# Standard Deviation and Normal Distribution

• Jan 25th 2006, 10:17 AM
Arbitur
Standard Deviation and Normal Distribution
Hi I know how to calculate standard deviation but am having trouble with questions the in the image. Please help.. Either 8 or 10 worked out would be a huge help.
• Jan 25th 2006, 12:53 PM
ThePerfectHacker
Since 173 is the mean and standard deviation is 7.7 cm. Thus, One standard deviation to the left and right takes 68% (a rule) thus, 165.3-180.7 take 68% of all the students. Thus 32% below 165.3 or above 180.7 cm. Now the normal distribution is symettric thus, 16% below 165.3 and 16% aboce 180.7 cm. Look at the problem it say the taller 15% thus, approximately the taller 16% thus the range is approximately 180.7 cm.
• Jan 25th 2006, 12:57 PM
ThePerfectHacker
Look at the hint to look for the lower part of normal distribution. This problem unlike the first requires you to move 2 standard deviations. This will take on 95% (a rule) thus, between .9-4.1 years are included in these 95%. Thus, 5% below .9 or above 4.1 years. But because the normal distribution is symettric thus, 2.5% below .9 years or above 4.1 years. The problem asks for the 2.5% thus the range is .9 years.
• Jan 25th 2006, 02:37 PM
Arbitur
thanks... I know what your saying but could you just show how you calculated just one of those if possible?

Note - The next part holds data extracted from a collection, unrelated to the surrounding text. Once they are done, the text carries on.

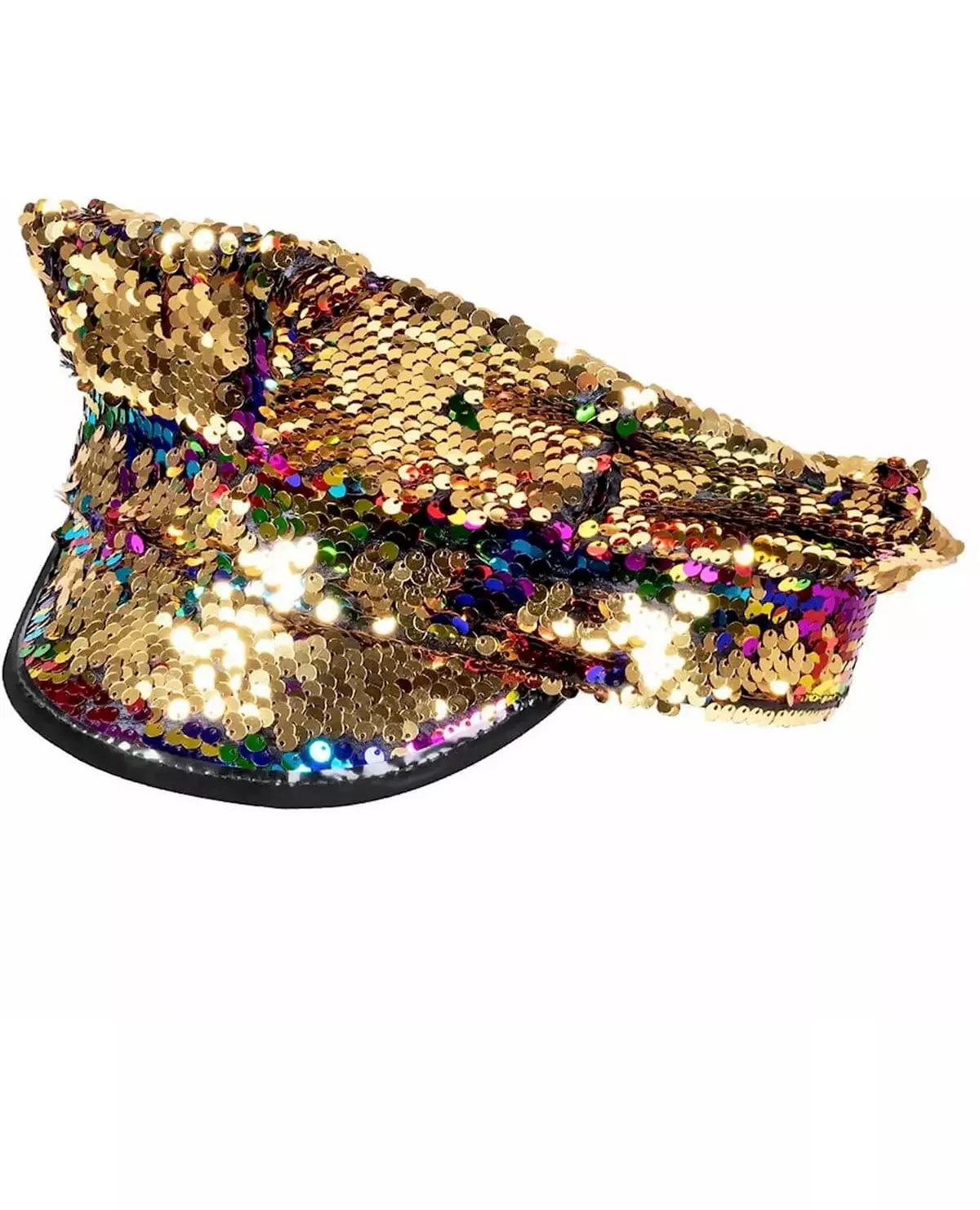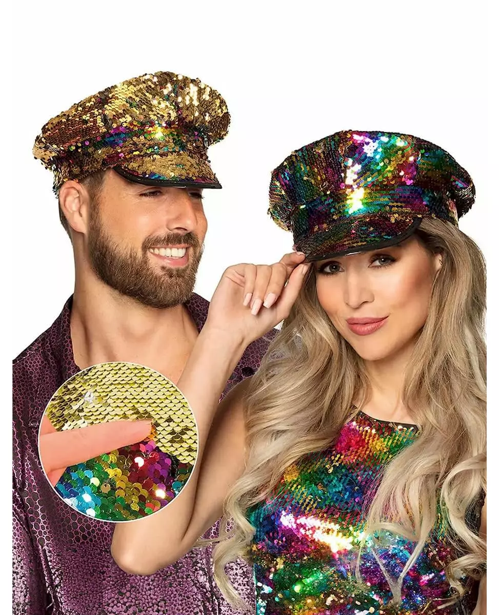 Skinn klart! Denne vendbare capsen med regnbue- og gullpaljetter er for voksne. Den er i regnbue- og gullfarget med speilfasetter i alle farger, slik at alle rundt deg kan se deg på avstand! Du vil ikke gå ubemerket hen med denne trendy og morsomme capsen på et diskotekfest eller en temafest! Inkludert tilbehør: 1 caps Materiale: 90 % polyester, 8 % polypropylen, 2 % polyuretan Vedlikehold: Ikke vaskbar
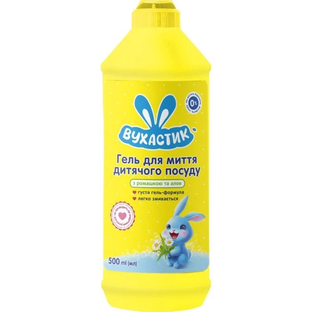 Засіб для ручного миття посуду Вухастик Для дитячого посуду З ромашкою та алое 500 мл (4820268100733)
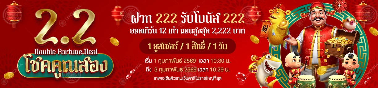 เพียงฝาก 222 บาท รับโบนัส 222 บาท ถอนได้สูงสุด 2,222 บาท เทิร์นโอเวอร์ 12 เท่า สมาชิก 1 ยูสเซอร์ รับ 1 สิทธิ์ต่อ 1 วัน เฉพาะเกมสล็อตและยิงปลาจีคลับ โปรโมชั่นพิเศษช่วงเทศกาลตรุษจีนและ 2.2 นี้เท่านั้น ระยะเวลาเริ่มตั้งแต่ 28 มกราคม 2568 เวลา 10:30 น. ถึง 3 กุมภาพันธ์ 2568 เวลา 10:29 น. วิธีรับโบนัส สมาชิกจะต้องฝากเงินยอด 222 บาทเท่านั้น และมีสิทธิ์ได้รับโบนัสเพิ่ม 222 บาททันที สมาชิกจะต้องแจ้งขอรับโบนัสพร้อมเติมเงินกับเจ้าหน้าที่ฝ่ายบริการลูกค้า ได้ที่ทางไลน์ หรือแชทสด 1 ยูสเซอร์ สามารถรับได้ 1 สิทธิ์ต่อวันเท่านั้น (ตัดรอบ 10:30 […]
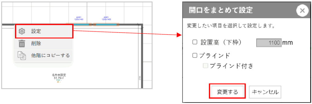 変更したい項目にチェックを入れて、設置高(下枠)、ブラインド付きかどうかを設定します。
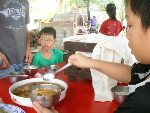 走累了 我們回到嶺腳埕休息 準備用餐 孩子期待做披薩啦
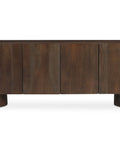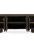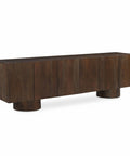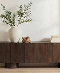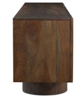 The Hadley media unit proves that less is more. Constructed from reclaimed neem wood in warm brown, this entertainment piece embraces natural character and sustainable craftsmanship. A solid 2-inch tabletop rests on sculptural cylindrical bases, creating visual interest through pure geometry. Behind six minimalist doors lies thoughtfully organized storage for all your media essentials and entertainment gear. Built-in cable management keeps everything connected without the visual clutter. Perfect for anchoring a living room or bedroom, the Hadley's refined proportions and honest materials deliver quiet sophistication that complements any modern interior.
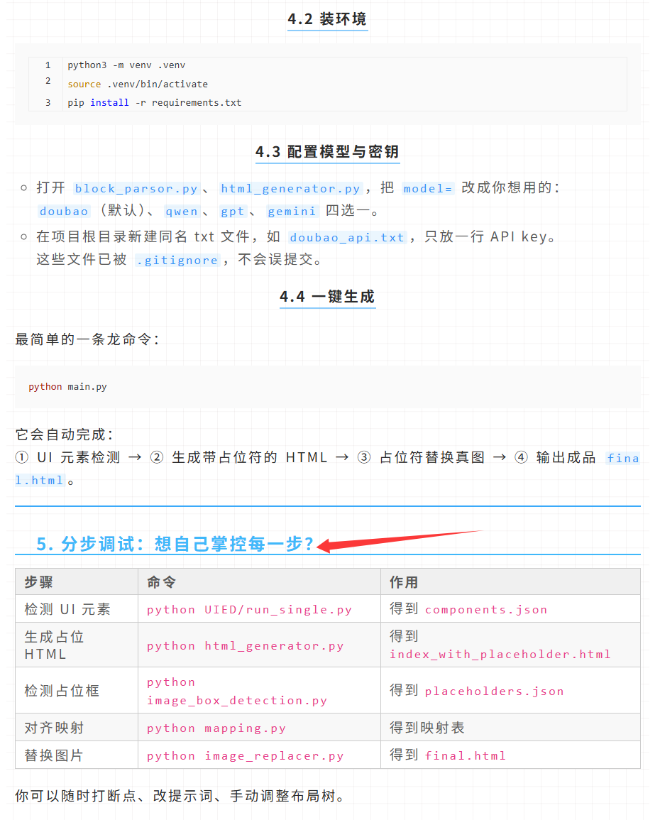 2. 安装:①克隆仓库 ②创建虚拟环境 ③安装依赖 ④配置模型和API密钥(doubao_api.txt)

Thanks.
• Jan 25th 2006, 03:06 PM
ThePerfectHacker
Let $P(a\leq x\leq b)$ be the precentage (or probability) of all values between $a$ and $b$.

There is a theorem (theorem-1) in statistics that if something is normal distributed and $\bar x$ is the mean, and $\sigma$ is the standard deviation then,
$P(\bar x-\sigma\leq x\leq \bar x+\sigma)=.68$
$P(\bar x-2\sigma\leq x\leq \bar x+2\sigma)=.95$.
Also because (theorem-2) the normal distribution has symettrism we have that If $P(\bar x-a\leq x\leq \bar x+a)=p$ Then, $P(x\leq \bar x-a)=P(\bar x+a\leq x)=\frac{1-p}{2}$. The reason being, because $1-p$ excludes the first one and then diving by 2 is because of symettrism.

Now to do problem 2, the mean $\bar x=2.5$ and the standard deviation is $\sigma=.8$. By the above explanations and theorem-1 $P(.9\leq x\leq 4.1)=.95$ (because 2 standard deviations). Next, use theorem-2 thus, $P(x\leq .9)=\frac{1-.95}{2}=.025$=2.5% which you where trying to find.
Thus the answer is $x\leq .9$.
Q.E.D.
• Jan 25th 2006, 03:09 PM
Arbitur
Arr.. thanks for trying but I still don't get how you got to the answer. I'll try a tutor somewhere for 1 session or something. (Taking this course online.) Thanks anyways.
• Jan 25th 2006, 03:23 PM
Arbitur
Heh.. feel stupid.. cant even figure out how you did it. Thanks neways :) guess im just not smart enough

Shouldnt it be 17% instead of 16%?
• Jan 25th 2006, 03:59 PM
ThePerfectHacker
Quote:

Originally Posted by Arbitur
Heh.. feel stupid.. cant even figure out how you did it. Thanks neways :) guess im just not smart enough

Shouldnt it be 17% instead of 16%?

How? 100-68=32 and 32/2=16
• Jan 27th 2006, 11:48 AM
CaptainBlack
Quote:

Originally Posted by Arbitur
Hi I know how to calculate standard deviation but am having trouble with questions the in the image. Please help.. Either 8 or 10 worked out would be a huge help.

8. If the school has a normal distribution of height $h$, with mean $173 cm$ and
standard deviation $7.7 cm$, then:

$z=\frac{h-173}{7.7}$,

has a standard normal distribution. The height of the beams is such that
$15 \%$ will hit their heads, call this height $h_c$.

Call the corresponding $z$ score $z_c$, then:

$z_c=\frac{h_c-173}{7.7}$,

So $15 \%$ of $z$ scores exceed $z_c$, or $85 \%$ of $z$ scores are less than $z_c$.

Now look up the value of $z_c$ which gives $p(z in a table
of the cumulative normal distribution, doing this gives $z_c \approx 1.036$.

The corresponding height (which will be the height of the beams) will be
the solution of:

$z_c = \frac{h_c - 173}{7.7}$,

which when we plug in the value of $z_c$ gives:

$h_c=180.98$.

Thus all students taller than $180.98$ cm. will be affected.

RonL